Find pair that sums up to `k`

Senthil Nayagan
Senthil Nayagan           

Problem: Find pair that sums up to “k”


Given an array of integers nums and an integer k, create a boolean function that checks if there are two elements in nums such that we get k when we add them together.

Example 1

  • Input: nums = [4, 1, 5, -3, 6], k = 11
  • Output: true
  • Explanation: 5 + 6 is equivalent to 11

Example 2

  • Input: nums = [4, 1, 5, -3, 6], k = -2
  • Output: true
  • Explanation: 1 + (-3) is equivalent to -2

Solution 1 (Brute force solution)

This solution follows brute force approach.

# Brute-force approach
def find_pair(nums, k):
    for i in range(len(nums)):
        for j in range(i+1, len(nums)):
            if nums[i] + nums[j] == k:
                return True
    return False

if __name__ == "__main__":
    nums = [4, 1, 5, -3, 6]

    print(find_pair(nums, 11)) # True
    print(find_pair(nums, -4)) # False
    print(find_pair(nums, -2)) # True


  • Time complexity: O(n2)
  • Space complexity: O(1)

Let’s find a better solution than this one.

Solution 2

This approach begins by sorting the numbers and then reduces the amount of traversal needed.

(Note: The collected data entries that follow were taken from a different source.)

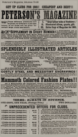 PETERSON’S MAGAZINE, 1881 Philadelphia advertisement, PETERSON’S MAGAZINE, 1881, fashion plates, publishing, mammoth, 306 Chestnut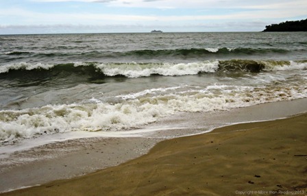 Children read their names as they choose from two groups of 25 sticky-backed name tags spread on separate tables: one name tag goes on their shirts for identification and one labels his/her backpack spot on the shelves.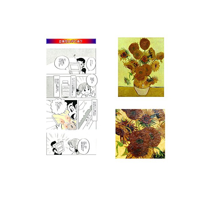 입체 마무리란:프리 캔버스(복제화)의 인쇄면 표면에,Medium(무색 투명의 수지)를 오리지날 회화의 터치 에 따라 요철을 세우고, 원화에 가까운 외형으로 마무리했습니다.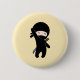 Happy Cartoon Ninja in schwarz gekleidet mit dem Arm erhöht in winkeln. Traditionelles japanisches Schwert Katana kann man an seiner Schulter sehen.

Since the numbers are sorted in ascending order, then:

  • nums[i] >= nums[i-1]
  • nums[i] <= nums[i+1]

This approach uses the left index and the right index. If we increasing the left index, the sum value (k) will either increase or remain the same. In a similar manner, decreasing the right index will either bring about a reduction in the sum value (k) or cause it to stay unchanged.

def find_pair(nums, k):
    left_idx = 0
    right_idx = len(nums) - 1

    while left_idx < right_idx:
        if nums[left_idx] + nums[right_idx] == k:
            return True
        elif nums[left_idx] + nums[right_idx] < k:
            left_idx += 1
            right_idx -= 1
    return False


  • Time complexity: O(n log n)
  • Space complexity: Depends on the sorting algorithm we use. For example, if it’s O(log n), then the space complexity of this algorithm is O(long n).

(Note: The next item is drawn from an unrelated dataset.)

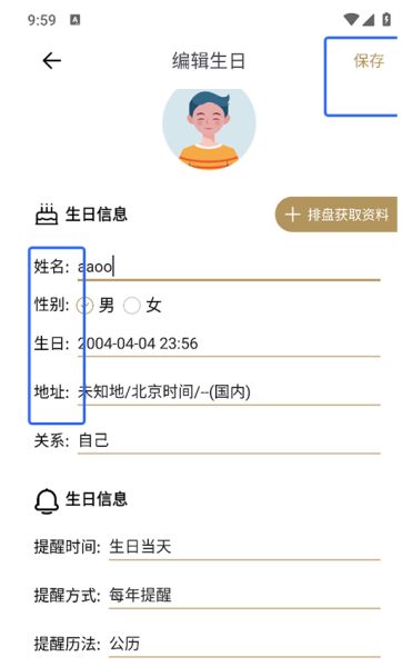 3、以生日为例,填写相关信息,包括日期、提醒时间等,确认后点击“保存”即可完成设置。

Let’s find a better solution than this one.

Solution 3 (Using hash table. It’s the most optimal solution)

This solution uses hash table. The hash table is a powerful tool when solving coding problems because it has an O(1) lookup on average, so we can get the value of a certain key in O(1). Also, it has an O(1) insertion on average, so we can insert an element in O(1).

def find_pair(nums, k):
    visited = {}  # Dictionary as hash table

    for element in nums:
        if visited.get(k - element):  # O(1) for lookup
            return True
            visited[element] = True  # O(1) for insertion
    return False


  • Time complexity: O(n)
  • Space complexity: O(n) - We are using additional space for a hash table that can contain n elements in the worst case.

The lookup and insertion are constant on average in this case. Hence, the O(n).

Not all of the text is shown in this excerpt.